# WHAT TO WORK ON:
Could you retype exactly the lines below between the one holding "Jeder kennt dieses" and the one holding "米可白6日晚上突然在臉書發文", inclusive, leaving out any pictures?

# SUPPLIED DATA:

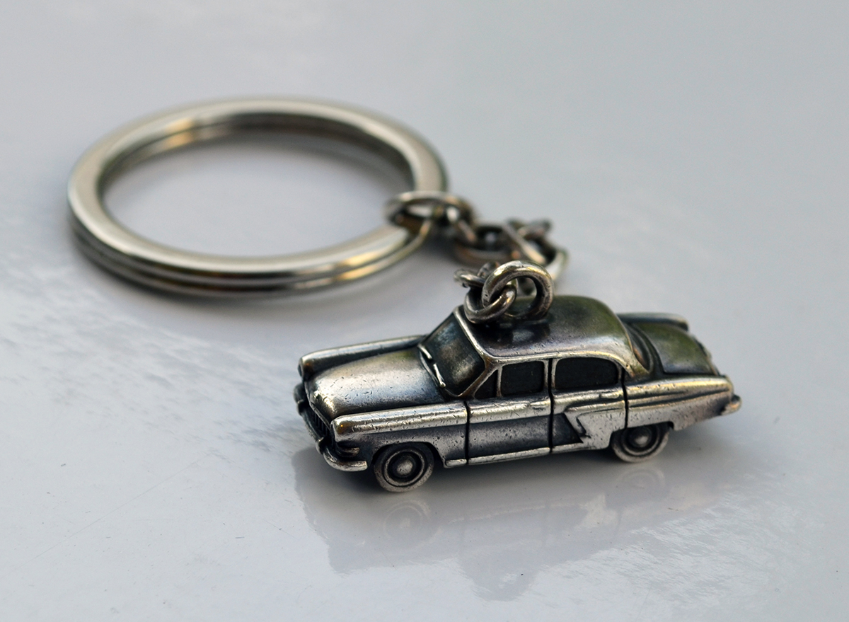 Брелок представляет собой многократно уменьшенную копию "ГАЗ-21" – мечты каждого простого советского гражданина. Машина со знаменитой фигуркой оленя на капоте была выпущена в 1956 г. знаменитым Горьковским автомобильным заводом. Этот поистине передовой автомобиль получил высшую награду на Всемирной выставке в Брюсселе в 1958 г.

---

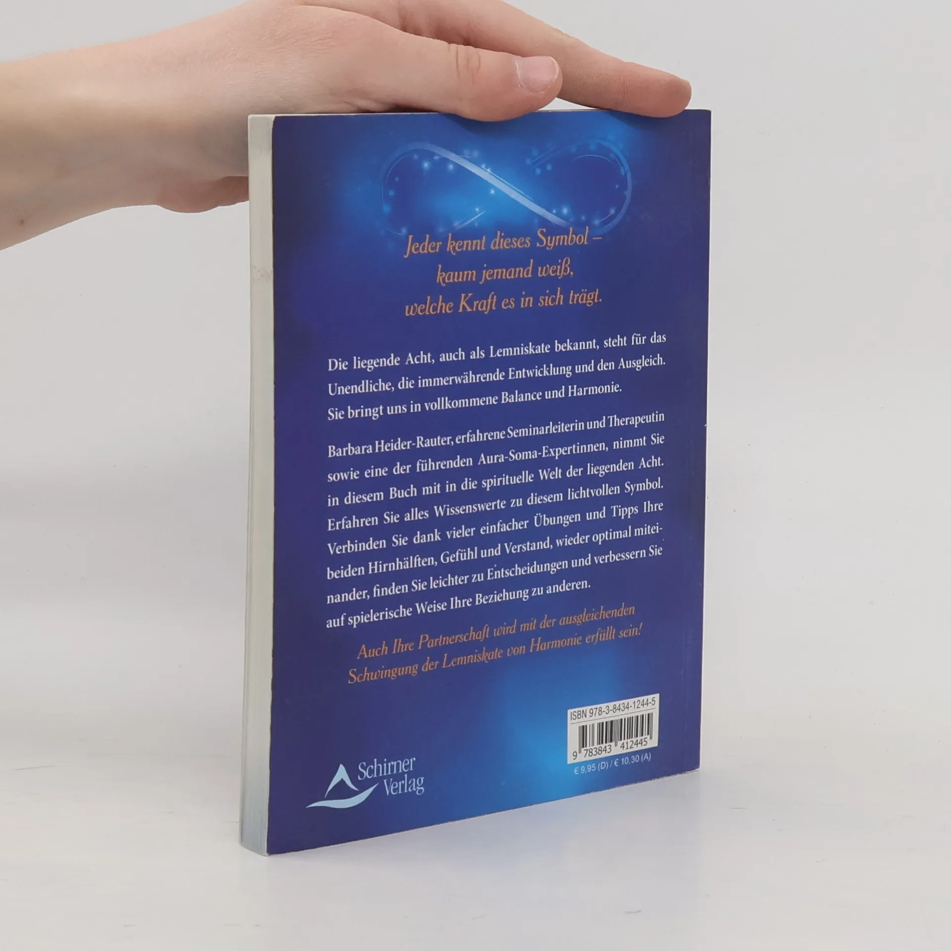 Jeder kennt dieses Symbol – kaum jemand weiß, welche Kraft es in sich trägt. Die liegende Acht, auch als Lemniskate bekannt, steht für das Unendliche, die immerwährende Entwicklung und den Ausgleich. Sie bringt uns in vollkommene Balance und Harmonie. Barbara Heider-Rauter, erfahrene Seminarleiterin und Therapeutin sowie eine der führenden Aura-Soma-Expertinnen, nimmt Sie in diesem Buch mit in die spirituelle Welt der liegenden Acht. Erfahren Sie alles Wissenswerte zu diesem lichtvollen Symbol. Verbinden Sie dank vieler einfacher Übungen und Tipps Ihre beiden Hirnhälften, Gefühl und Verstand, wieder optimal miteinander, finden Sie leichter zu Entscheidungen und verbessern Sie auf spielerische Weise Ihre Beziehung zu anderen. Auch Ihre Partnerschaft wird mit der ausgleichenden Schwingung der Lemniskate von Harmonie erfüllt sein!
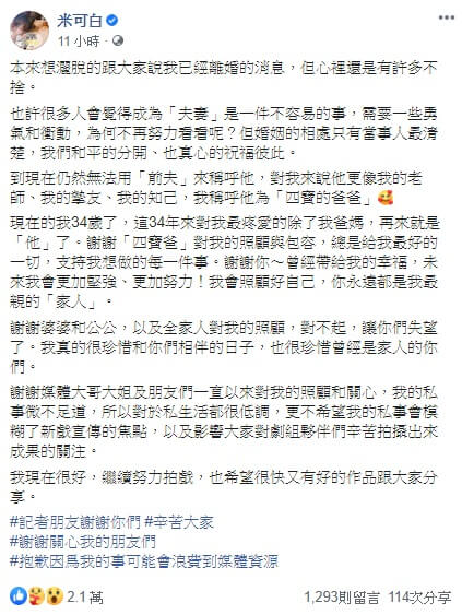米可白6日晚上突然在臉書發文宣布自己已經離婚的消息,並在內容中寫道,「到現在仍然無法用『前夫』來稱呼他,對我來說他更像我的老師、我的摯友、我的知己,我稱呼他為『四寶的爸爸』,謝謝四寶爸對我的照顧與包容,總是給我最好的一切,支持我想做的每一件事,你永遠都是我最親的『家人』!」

==

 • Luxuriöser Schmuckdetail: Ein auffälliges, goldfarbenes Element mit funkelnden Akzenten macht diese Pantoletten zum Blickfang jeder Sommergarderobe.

# EXERCISE RESULT:
 Jeder kennt dieses Symbol – kaum jemand weiß, welche Kraft es in sich trägt. Die liegende Acht, auch als Lemniskate bekannt, steht für das Unendliche, die immerwährende Entwicklung und den Ausgleich. Sie bringt uns in vollkommene Balance und Harmonie. Barbara Heider-Rauter, erfahrene Seminarleiterin und Therapeutin sowie eine der führenden Aura-Soma-Expertinnen, nimmt Sie in diesem Buch mit in die spirituelle Welt der liegenden Acht. Erfahren Sie alles Wissenswerte zu diesem lichtvollen Symbol. Verbinden Sie dank vieler einfacher Übungen und Tipps Ihre beiden Hirnhälften, Gefühl und Verstand, wieder optimal miteinander, finden Sie leichter zu Entscheidungen und verbessern Sie auf spielerische Weise Ihre Beziehung zu anderen. Auch Ihre Partnerschaft wird mit der ausgleichenden Schwingung der Lemniskate von Harmonie erfüllt sein!
米可白6日晚上突然在臉書發文宣布自己已經離婚的消息,並在內容中寫道,「到現在仍然無法用『前夫』來稱呼他,對我來說他更像我的老師、我的摯友、我的知己,我稱呼他為『四寶的爸爸』,謝謝四寶爸對我的照顧與包容,總是給我最好的一切,支持我想做的每一件事,你永遠都是我最親的『家人』!」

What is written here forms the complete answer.